Some of Canada’s artificial intelligence (AI) leaders shared their vision for the future—and how we might get there—at the Creative Destruction Lab (CDL) Super Session yesterday during Toronto Tech Week.
Speakers at CDL’s annual event included reinforcement learning (RL) pioneer and recent Turing Award winner Richard Sutton, fellow Canadian Institute for Advanced Research (CIFAR) AI chair Patrick Pilarski, and Kindred founder, Sanctuary AI co-founder and Nirvanic founder and CEO Suzanne Gildert, among others.
“We’re entering the era of experience.”
Richard Sutton
Sutton kicked things off by explaining to a packed room at the University of Toronto’s Rotman School of Management why he believes the world is nearing “the end of the era of human data.”

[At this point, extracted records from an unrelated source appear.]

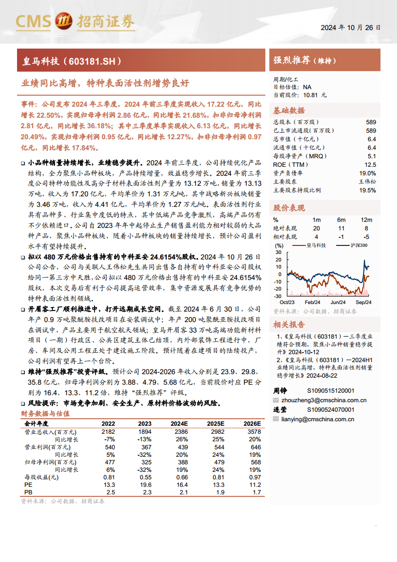 皇马科技(603181.SH)在2024年前三季度展现出强劲的业绩增长势头,实现收入17.22亿元,同比增长22.50%;归母净利润2.86亿元,同比增长21.68%;扣非归母净利润2.81亿元,同比增长36.18%。其中,第三季度单季收入和净利润也保持了稳健增长。这一增长主要得益于公司持续优化产品结构,战略性地聚焦于盈利能力更强的特种功能性及高分子材料表面活性剂(即“小品种”产品),并逐步停止生产销售盈利能力较弱的“大品种”产品。通过这一转型,公司盈利水平有望持续提升。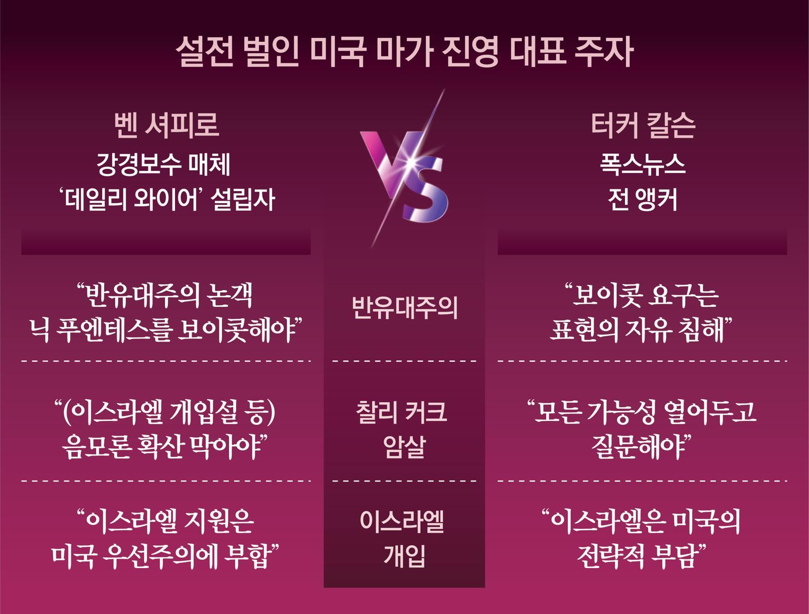 도널드 트럼프 미국 대통령의 강성 지지층 ‘마가’(MAGA·미국을 다시 위대하게)를 대표하는 논객으로 꼽히는 보수 매체 ‘데일리 와이어’의 설립자 벤 셔피로(41)와 터커 칼슨 전 폭스뉴스 앵커(56)가 주요 마가 인사의 반(反)유대주의 논란, 올 9월 숨진 우파 논객 찰리 커크의 암살 배후, 트럼프 2기 행정부의 외교안보 정책 등을 놓고 충돌했다.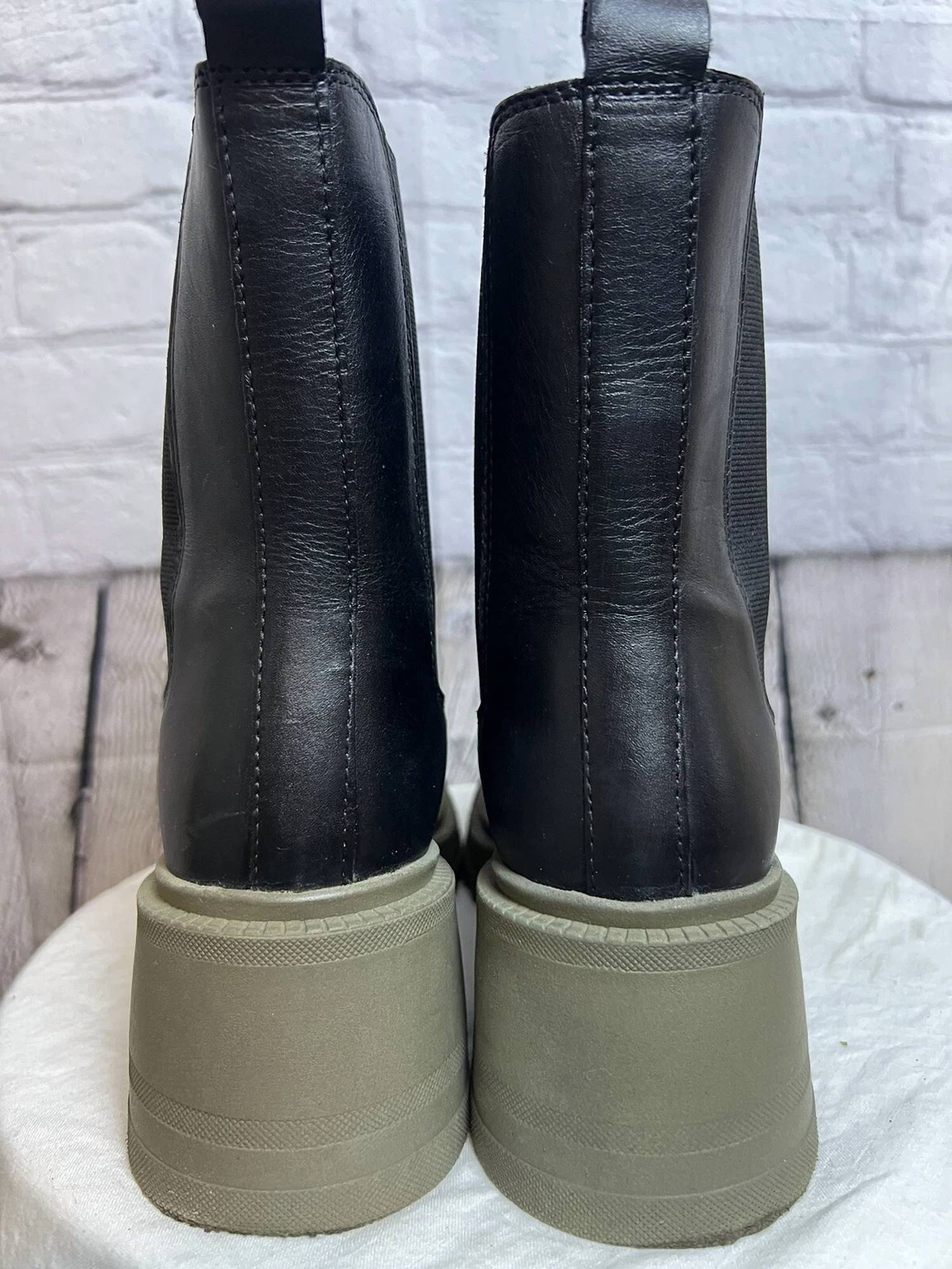 Say hello to the perfect, most versatile boot. The ankle height makes this style easily transition from day to night. Wear them with your favorite skinny jeans and tee for a more laid back look, or pair them with your favorite mini dress and jacket for a night out on the town. Step into sleek sophistication with the Women's Anikaaa Block Heel by Vince Camuto, a must-have for ankle boot enthusiasts. These black ankle booties boast a stylish block heel, a 1.25" platform for added height, and a comfortable 6" shaft height with a 10" circumference. Designed with a leather upper, fabric lining, and durable TPR sole, these boots feature a soft square toe, elasticized gussets, and a convenient pull tab for easy wear. Enjoy mid-height elegance with a heel measuring 2.75", perfect for various occasions.
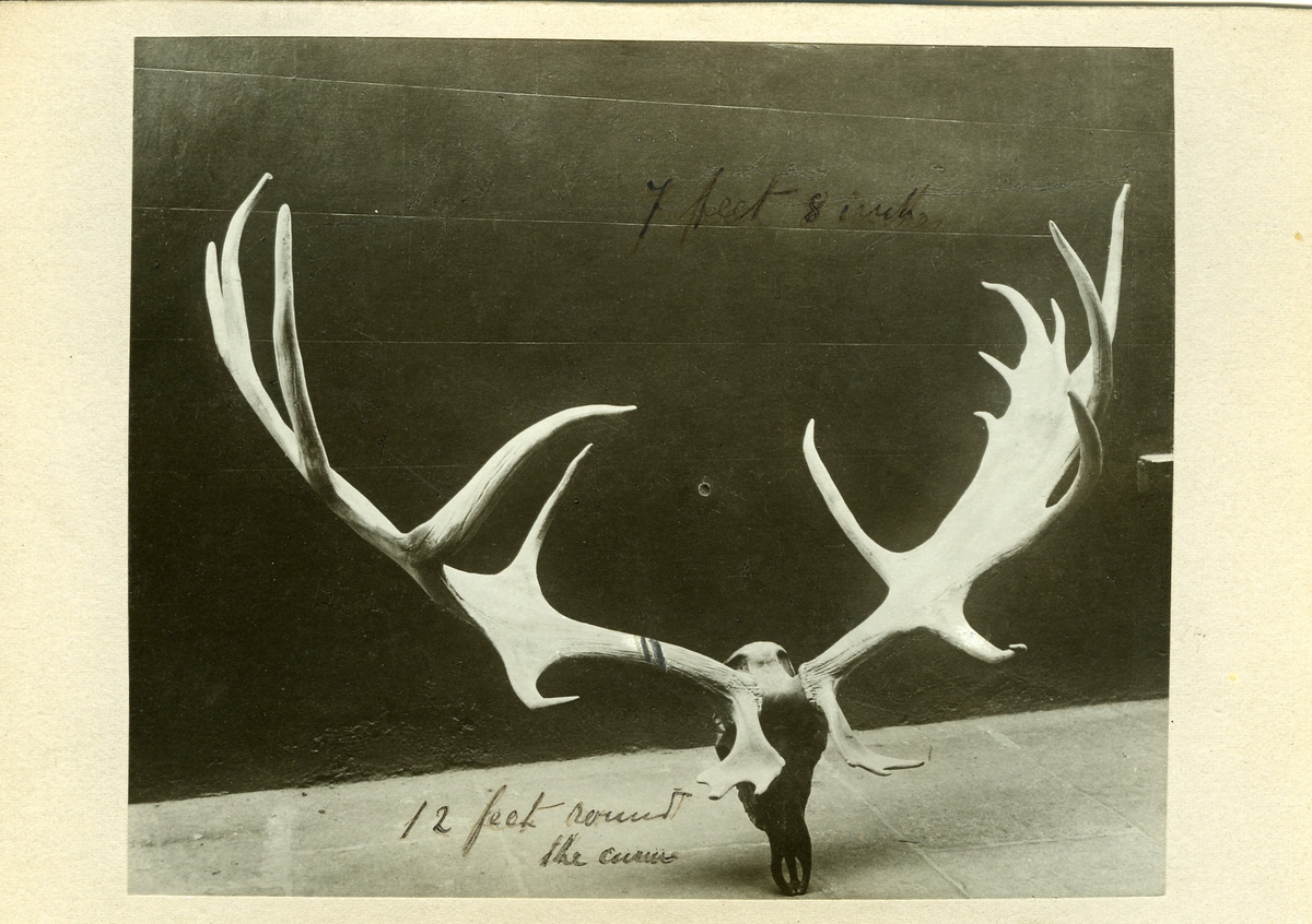 'Hjorthorn med kranium. Anteckning om hornens mått finns på fotot. :: :: Se fotonr. 265-268.'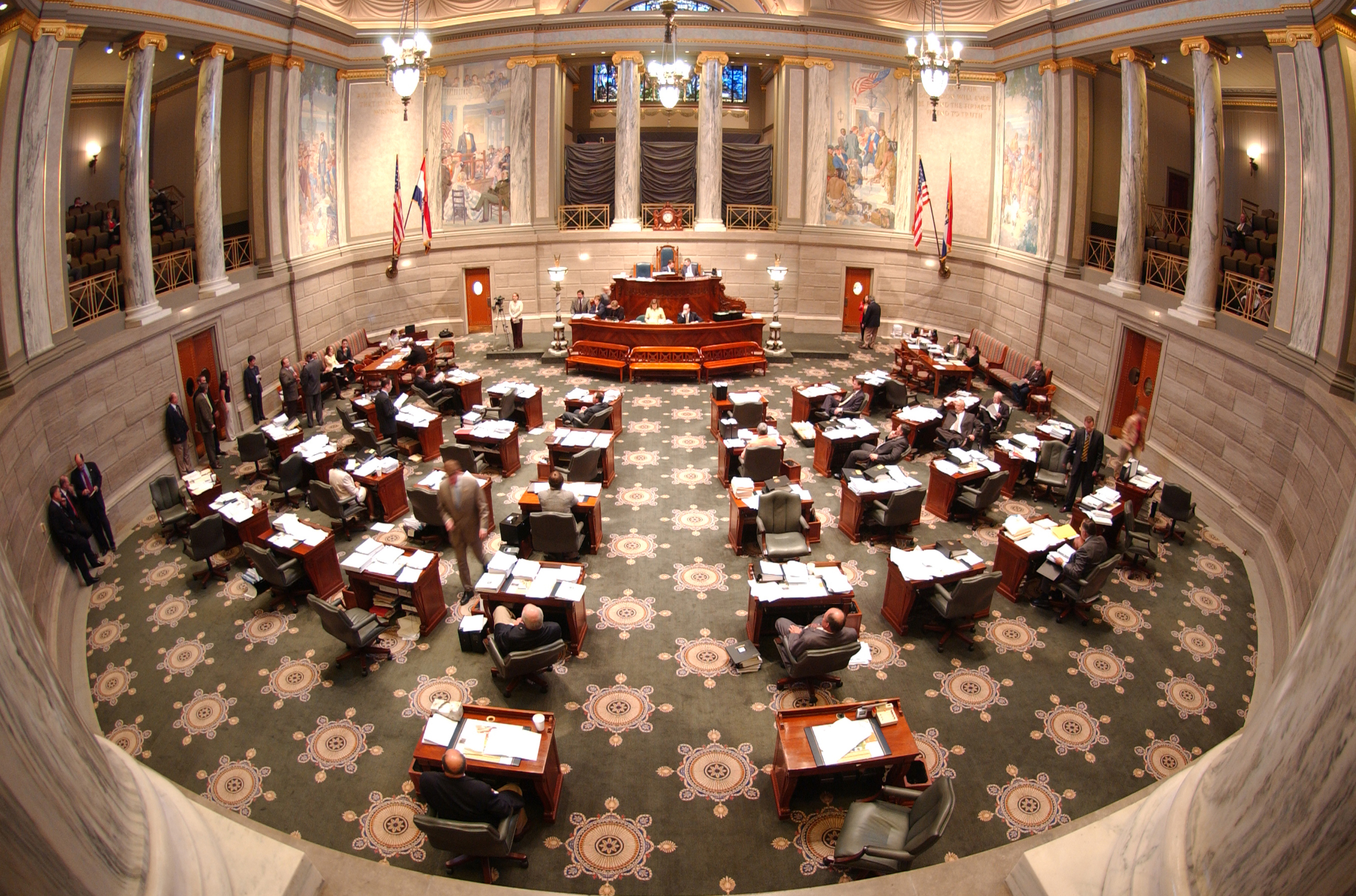 A shot of the Senate Chamber taken from the upper gallery, where visitors and guests can watch lawmakers during session.

The University of Alberta computer science professor, who also works as fellow and chief scientific advisor at the Alberta Machine Intelligence Institute (Amii), noted that AI is beginning to exhaust the amount of human-generated text and images available to it as training data, echoing his recent remarks elsewhere.
As companies have already scraped most of the high-quality data on the internet for AI training, Sutton argued that to advance further, the tech requires a new source of data that grows and improves as agents—or AI systems that are empowered to take actions—become more powerful. He thinks RL could hold the answer: Sutton believes that such data could be generated from an agent’s first-person interaction with the world, or its “experience.”
“We’re entering the era of experience, I think,” Sutton said. “In that era, we have a single goal—reward—but we need data, we need curiosity.”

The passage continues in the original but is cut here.